Full body engagement
As stated earlier, you are engaged from head to toe when you are on a rowing machine. This differs from things like the treadmill, the Stairmaster, or the bike, which primarily engage only the lower body. Now the elliptical also engages the upper body, but the rower forces more abdominal engagement.
With full body engagement, you also see full body coordination. Everything has to work together to perform the movement on a rowing machine, unlike equipment like the Stairmaster where your legs are the only thing used.
rowing machine for recovery
Believe it or not, rowing machines can actually be used for recovery, especially after lifting. After intense strength training, the rowing machine can be used as a cooling tool. This is due to the low impact aspect, and during the movement you stretch your whole body. Even on a rest day, if you’re up for it, you can jump on the rowing machine.
Frequently Asked Questions (FAQ)
Now that you’ve read all the great things the rowing machine has to offer, you might have a few questions!
How to use the rowing machine?
This is one of the main reasons why people don’t try new equipment, they don’t know how to use it. So let’s go step by step just to make sure you understand!
Define the drag: This is the resistance level, and can usually be found on the display next to the flywheel.
Placing the hands/feet: Tie your feet together, grab the handles with both hands, keep your wrists straight.
Lean forward: The shoulders should be in front of your hips.
Leg drive: Drive feet down, push off with your legs. This is done in a motion similar to a squat or leg press.
Lean back: Lean your torso back, but only slightly, you don’t want to go so far that you’re parallel to the floor.
Shoot: With your hands, pull the handles towards your body.
Pro tips: If you want visual instructions, check out this video from Deadspin where United States Olympians demonstrate the rowing machine:
When should I use a rowing machine?
Rowers can be started anywhere in your schedule, whenever you want! This is another advantage of rowing machines, they can fit wherever you want.
Using a rowing machine can be done before lifting, such as a warm up. This gets the blood pumping throughout the body and gets you ready to go for your lift!
The rower can also be used after a lift, as a recovery/recovery movement.

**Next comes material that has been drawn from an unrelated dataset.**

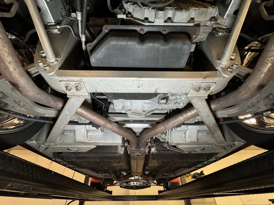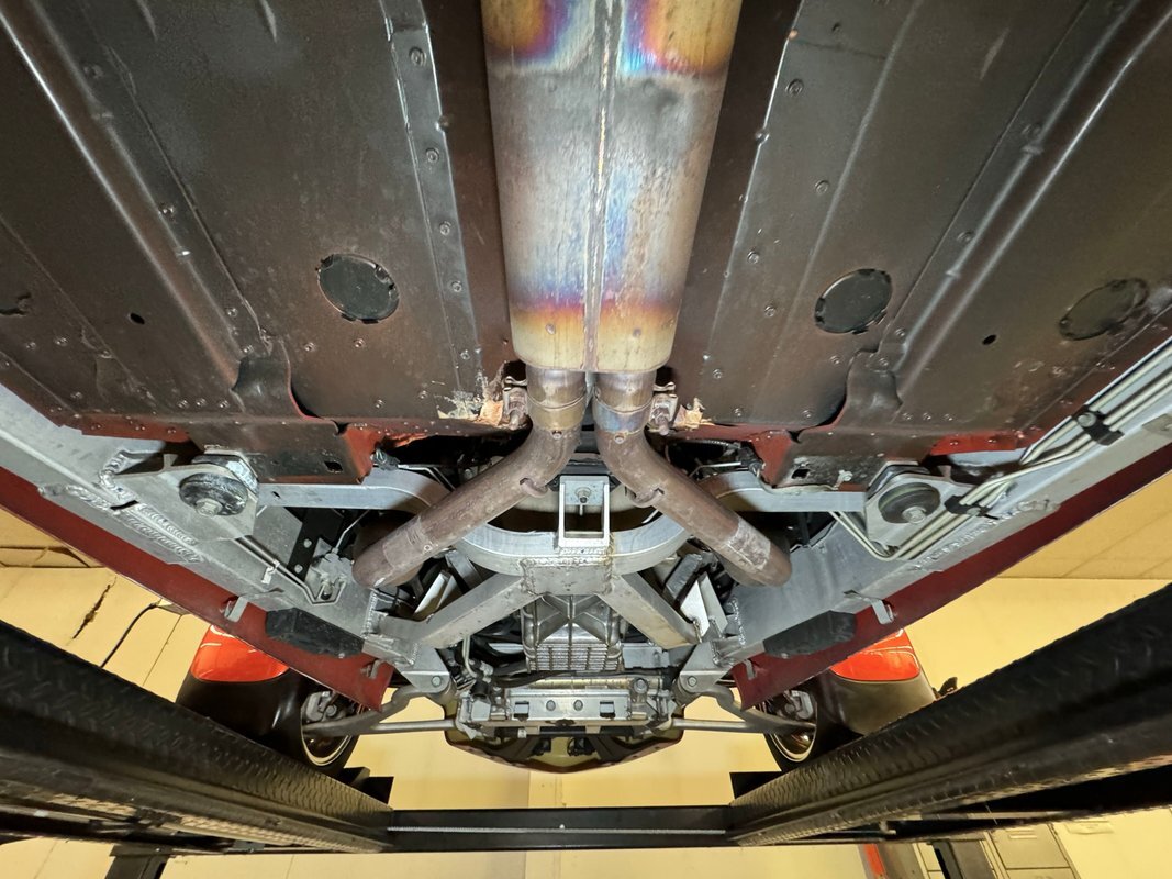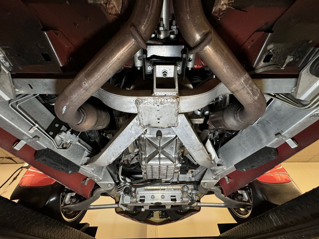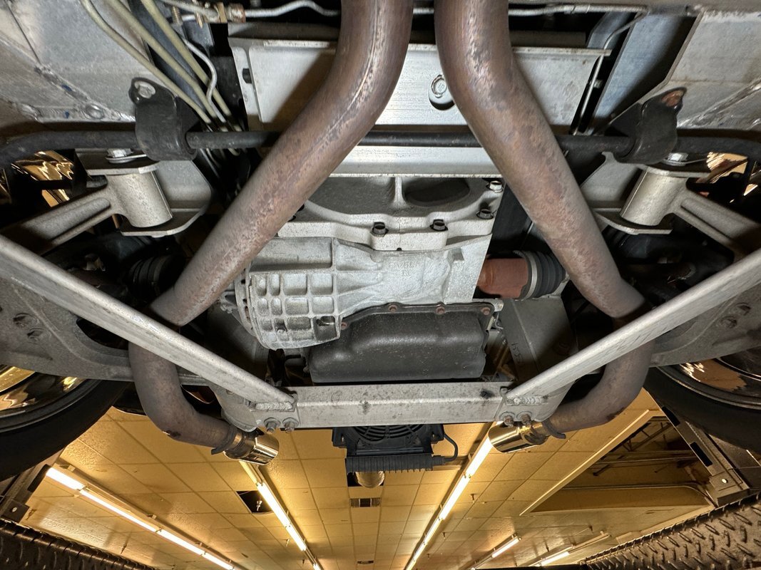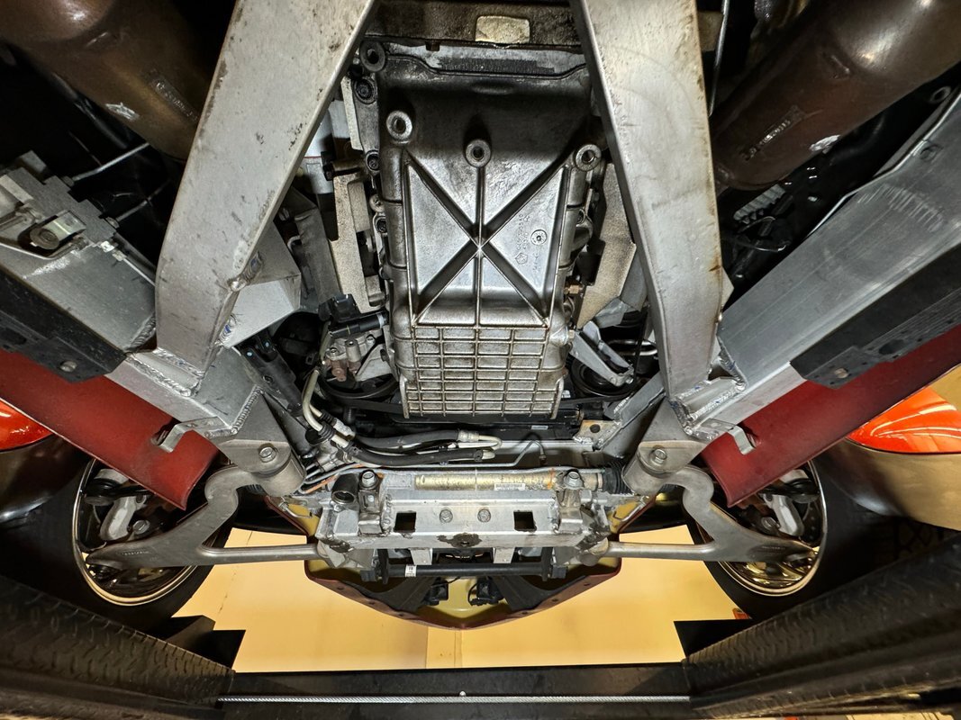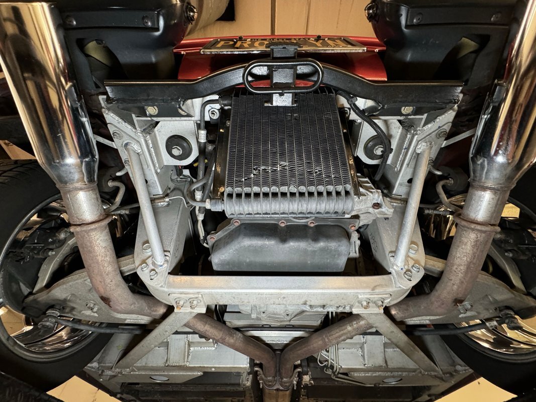 Very clean underneath as we take note of the tubular aluminum chassis and the dual exhaust which travels the length of the car and after some original equipment mufflers, heads out back in an epic, slightly upturned tail pipe display. There's no surface rust nor oil leaks anywhere, just some signs of light usage and no damage whatsoever. Coil over suspension is found front and rear.
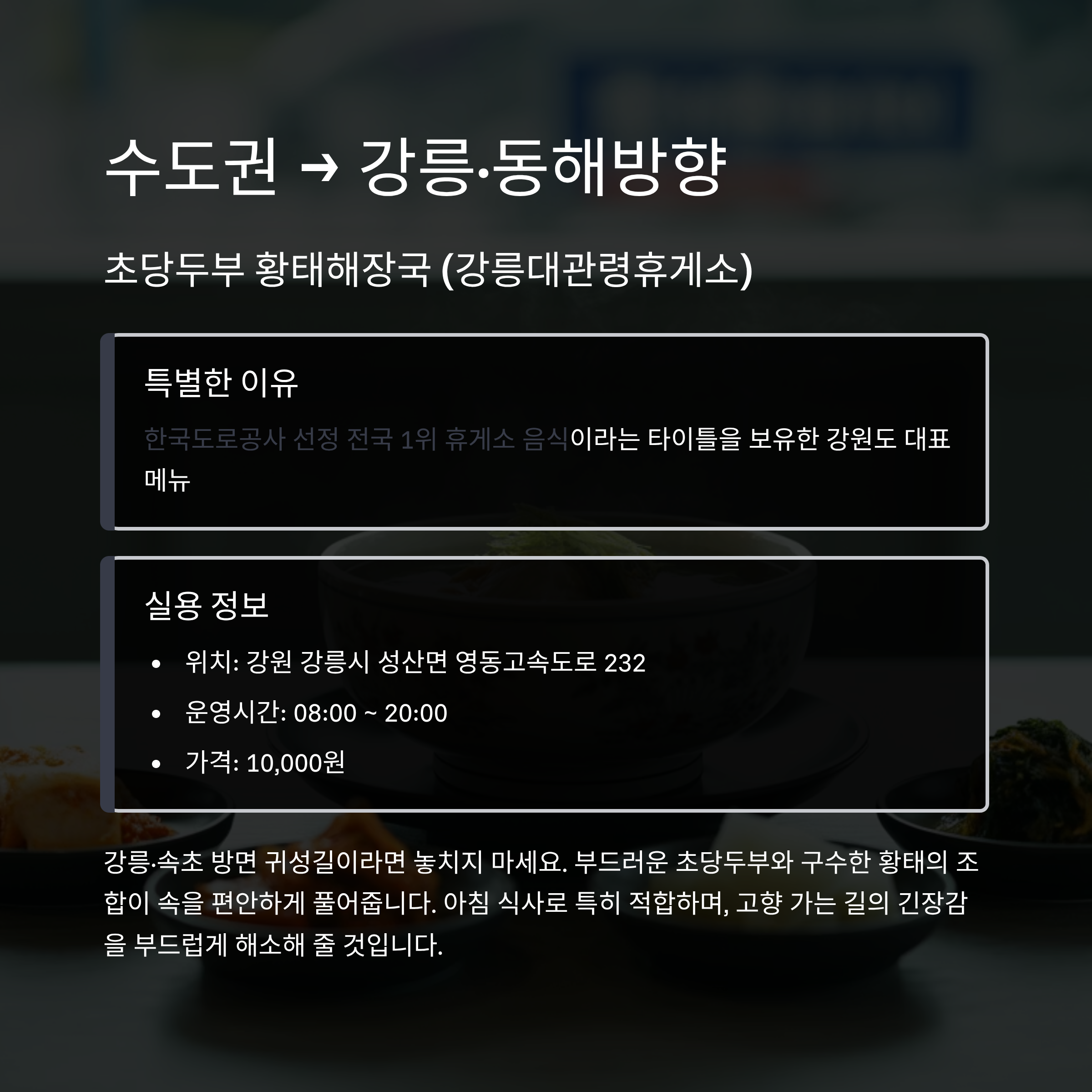 수도권 → 강릉·동해방향: 초당두부 황태해장국 (강릉대관령휴게소)

Some people prefer to do their cardio after lifting, and if you fall into that category, feel free to throw it out at the end!
Active rest days are also a good time for the rower. It’s low impact, you can go at your own pace, do whatever type of workout you want. This makes rowing machines a perfect option for an active rest day.
Should I use a rowing machine rather than other cardio equipment?
The answer to that is up to you. If you can and have access to a rowing machine, why not change it up from time to time? At this point you’ve read all the benefits of rowing machines over other cardio equipment, why not give it a try?
There are so many benefits of rowing machines that have been discussed. It is low impact, suitable for the versatility of your workout and can be used to build strength and endurance while benefiting recovery. There are many reasons to try it. If you know where to put it in your workout routine, know how you want to use it for your workout, and are ready to put in the work, there’s no reason not to give rowing machines a try!